Records shown:
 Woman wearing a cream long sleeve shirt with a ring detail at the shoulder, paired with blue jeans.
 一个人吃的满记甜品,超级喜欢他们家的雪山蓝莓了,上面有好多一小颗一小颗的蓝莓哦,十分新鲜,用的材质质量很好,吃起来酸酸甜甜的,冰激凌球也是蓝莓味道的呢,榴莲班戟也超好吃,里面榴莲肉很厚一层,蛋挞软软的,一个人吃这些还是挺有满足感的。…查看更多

--

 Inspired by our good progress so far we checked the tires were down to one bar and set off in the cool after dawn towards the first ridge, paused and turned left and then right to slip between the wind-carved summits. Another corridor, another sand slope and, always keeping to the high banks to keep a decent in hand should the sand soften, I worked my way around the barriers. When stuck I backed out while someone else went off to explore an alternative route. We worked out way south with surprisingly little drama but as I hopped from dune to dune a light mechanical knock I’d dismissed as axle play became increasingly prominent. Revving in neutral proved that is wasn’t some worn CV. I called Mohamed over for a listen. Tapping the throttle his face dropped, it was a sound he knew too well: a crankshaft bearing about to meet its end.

---

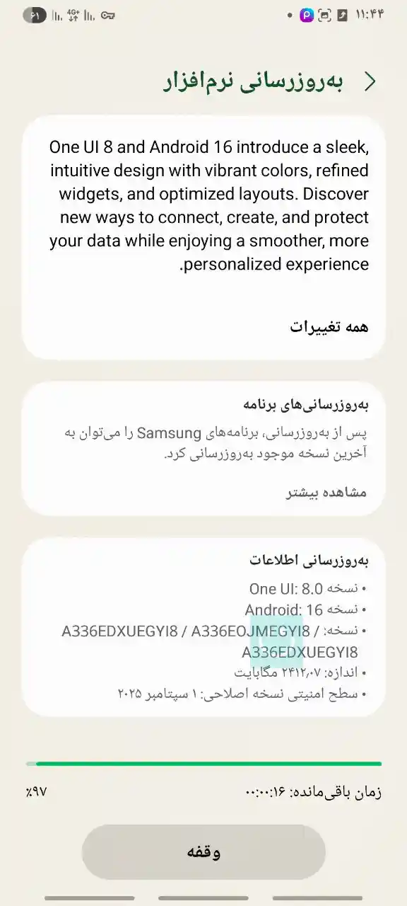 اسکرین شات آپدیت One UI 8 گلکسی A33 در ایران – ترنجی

Work to be completed: Where the data above reaches the line holding "Woman wearing a", begin printing, and stop after the line holding "一个人吃的满记甜品,超级喜欢". Each line must be reproduced exactly, with nothing else added.

Response:
 Woman wearing a cream long sleeve shirt with a ring detail at the shoulder, paired with blue jeans.
 一个人吃的满记甜品,超级喜欢他们家的雪山蓝莓了,上面有好多一小颗一小颗的蓝莓哦,十分新鲜,用的材质质量很好,吃起来酸酸甜甜的,冰激凌球也是蓝莓味道的呢,榴莲班戟也超好吃,里面榴莲肉很厚一层,蛋挞软软的,一个人吃这些还是挺有满足感的。…查看更多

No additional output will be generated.